*Instructions for the task*.
Below this task are records; return each one exactly and omit its images.

Dataset excerpts
"""
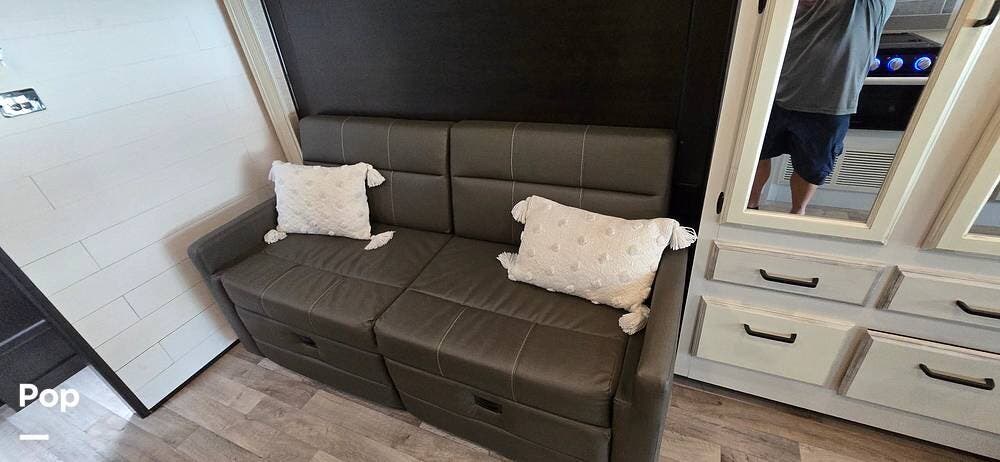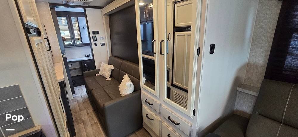 Opposite the LED TV and Fireplace Sleeping arrangements include a flexible option of a power Murphy-style queen bed, providing generous living space with a sofa by day and restful accommodations by night.
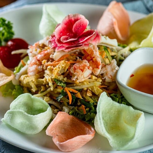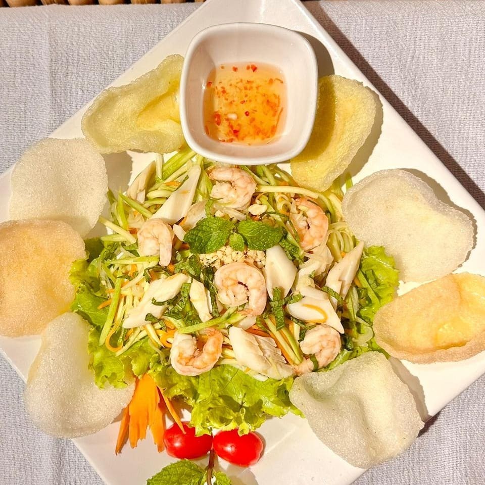 Salada de mamão verde,cenoura,pepino, hortelã com camarão e lula. Acompanha molho especial de peixe e mandiopan.
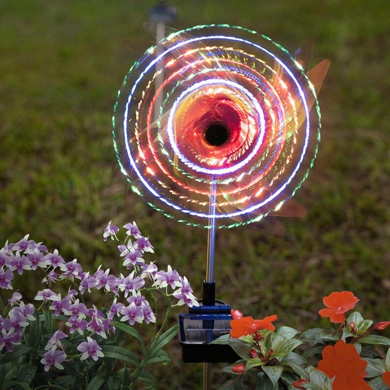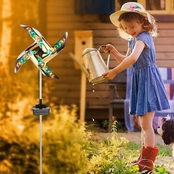 【Shining dreamy lights】The solar wind spinner is powered by solar panels. At nightfall. the windmill will light up with flashing lights in four colors: red. yellow. blue and green. The four blades will rotate continuously with the light cone.
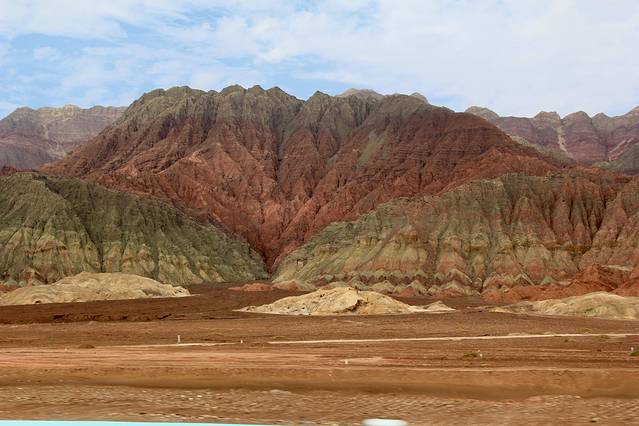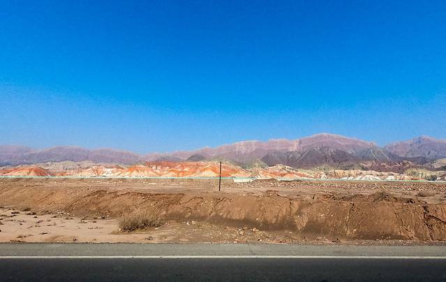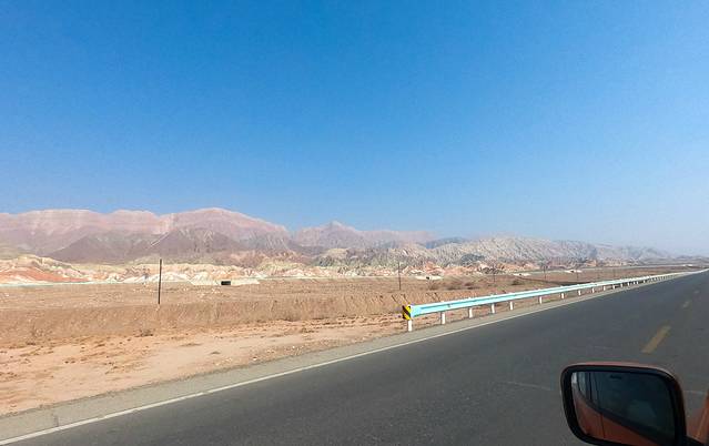 阿克苏到喀什一路都是丹霞地貌,山体绿的,黄的,红的都有,路面基本没车。
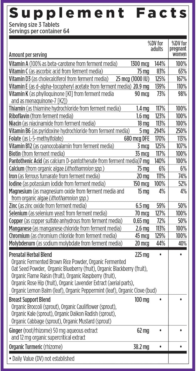 - 3 NUTRIENT-PACKED TABLETS support baby’s healthy development and mom’s healthy pregnancy.*100% Daily Value of Iron, and rich in Folate, B Vitamins, Vitamin D3, Vitamin C, A and Zinc.
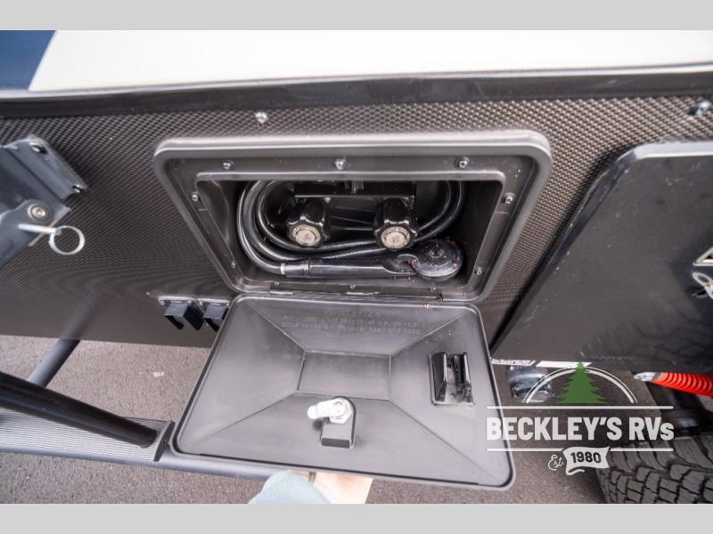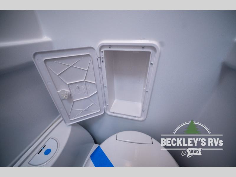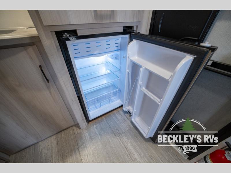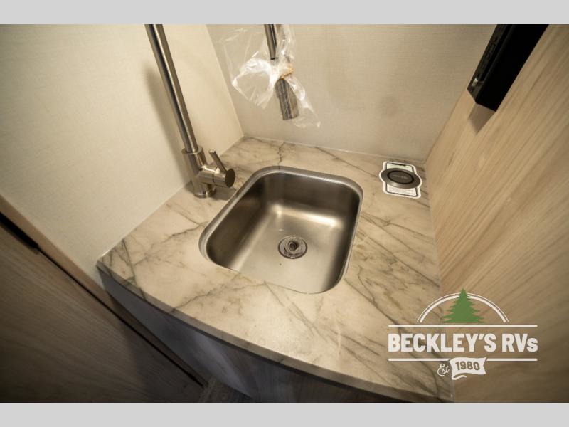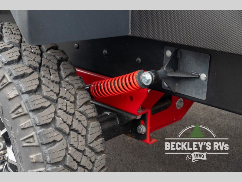Thrill seekers don't have to give up inside comforts when they seek unknown camping spots! This trailer allows two to sleep on the 60" x 70" drop down bed after enjoying a meal at the two folding bench seats with a folding table in between. The cook will have a portable induction cooktop to make meals, an undermount single bowl sink with cover to cut veggies and wash the dishes, plus a 3.1 AC/DC compressor refrigerator for the cold items. The wet bath with shower and integrated wet/dry storage is next to the wardrobe which is convenient. You will also enjoy a wireless cellphone charger, TV prep if you want to bring along your own TV, plus a pull-out countertop extension for more prep space!
"""
*Response to this exercise*.
 Opposite the LED TV and Fireplace Sleeping arrangements include a flexible option of a power Murphy-style queen bed, providing generous living space with a sofa by day and restful accommodations by night.
 Salada de mamão verde,cenoura,pepino, hortelã com camarão e lula. Acompanha molho especial de peixe e mandiopan.
 【Shining dreamy lights】The solar wind spinner is powered by solar panels. At nightfall. the windmill will light up with flashing lights in four colors: red. yellow. blue and green. The four blades will rotate continuously with the light cone.
 阿克苏到喀什一路都是丹霞地貌,山体绿的,黄的,红的都有,路面基本没车。
 - 3 NUTRIENT-PACKED TABLETS support baby’s healthy development and mom’s healthy pregnancy.*100% Daily Value of Iron, and rich in Folate, B Vitamins, Vitamin D3, Vitamin C, A and Zinc.
Thrill seekers don't have to give up inside comforts when they seek unknown camping spots! This trailer allows two to sleep on the 60" x 70" drop down bed after enjoying a meal at the two folding bench seats with a folding table in between. The cook will have a portable induction cooktop to make meals, an undermount single bowl sink with cover to cut veggies and wash the dishes, plus a 3.1 AC/DC compressor refrigerator for the cold items. The wet bath with shower and integrated wet/dry storage is next to the wardrobe which is convenient. You will also enjoy a wireless cellphone charger, TV prep if you want to bring along your own TV, plus a pull-out countertop extension for more prep space!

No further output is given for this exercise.